*DATASET CONTENT:*
::::::::

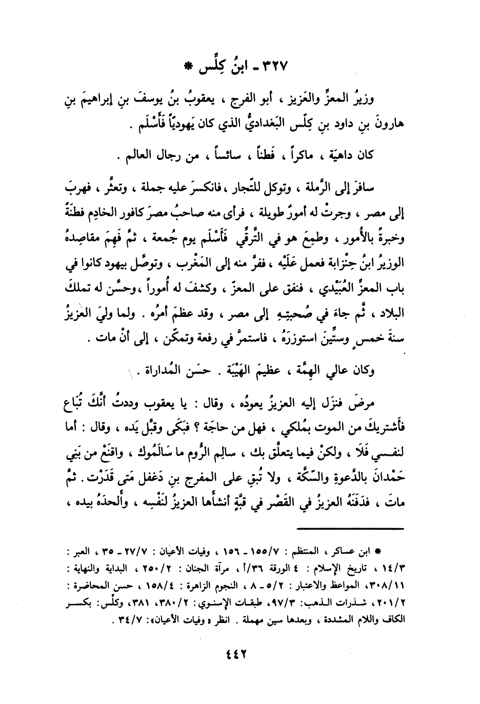 327 - ابْنُ كِلِّسَ أَبُو الفَرَجِ يَعْقُوْبُ بنُ يُوْسُفَ البَغْدَادِيُّ *
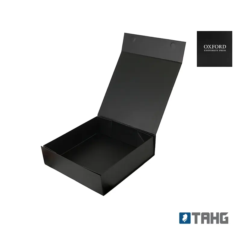 Caja plegable de cartón laminado mate en color negro, fabricada con materiales resistentes y diseño estructural reforzado. Cuenta con cierre magnético, esquinas con cinta adhesiva doble faz transparente para poder armarla y diseño plano que permite fácil almacenamiento y armado. Es ideal para presentaciones de productos, embalaje premium o uso como contenedor organizador en oficinas o eventos. Tahg
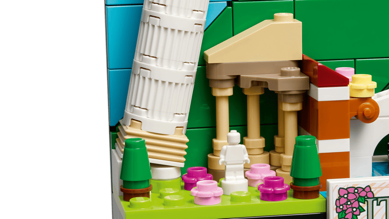 Odwzoruj niektóre z najbardziej kultowych włoskich atrakcji turystycznych dzięki zestawowi LEGO® z pocztówką do zbudowania. Ten wyjątkowy prezent dla podróżników przedstawia Krzywą Wieżę w Pizie, rzymskie ruiny, most Rialto w Wenecji oraz malownicze miasto Positano na wybrzeżu Amalfi. Dzieci w wieku od 9 lat mogą wybrać jedną z dwóch płytek z naklejkami z napisem „Italy” lub „Italia” i umieścić ją z przodu pocztówki. Ta kolekcjonerska pocztówka z pewnością spodoba się miłośnikom Włoch lub osobom, które marzą o podróży do tego kraju.

::::::::

*WORK TASK:*
Please write out only the material above, exactly, from its first line through the line that contains "Caja plegable de", and include no pictures.

*RESULT OF THIS TASK:*
 327 - ابْنُ كِلِّسَ أَبُو الفَرَجِ يَعْقُوْبُ بنُ يُوْسُفَ البَغْدَادِيُّ *
 Caja plegable de cartón laminado mate en color negro, fabricada con materiales resistentes y diseño estructural reforzado. Cuenta con cierre magnético, esquinas con cinta adhesiva doble faz transparente para poder armarla y diseño plano que permite fácil almacenamiento y armado. Es ideal para presentaciones de productos, embalaje premium o uso como contenedor organizador en oficinas o eventos. Tahg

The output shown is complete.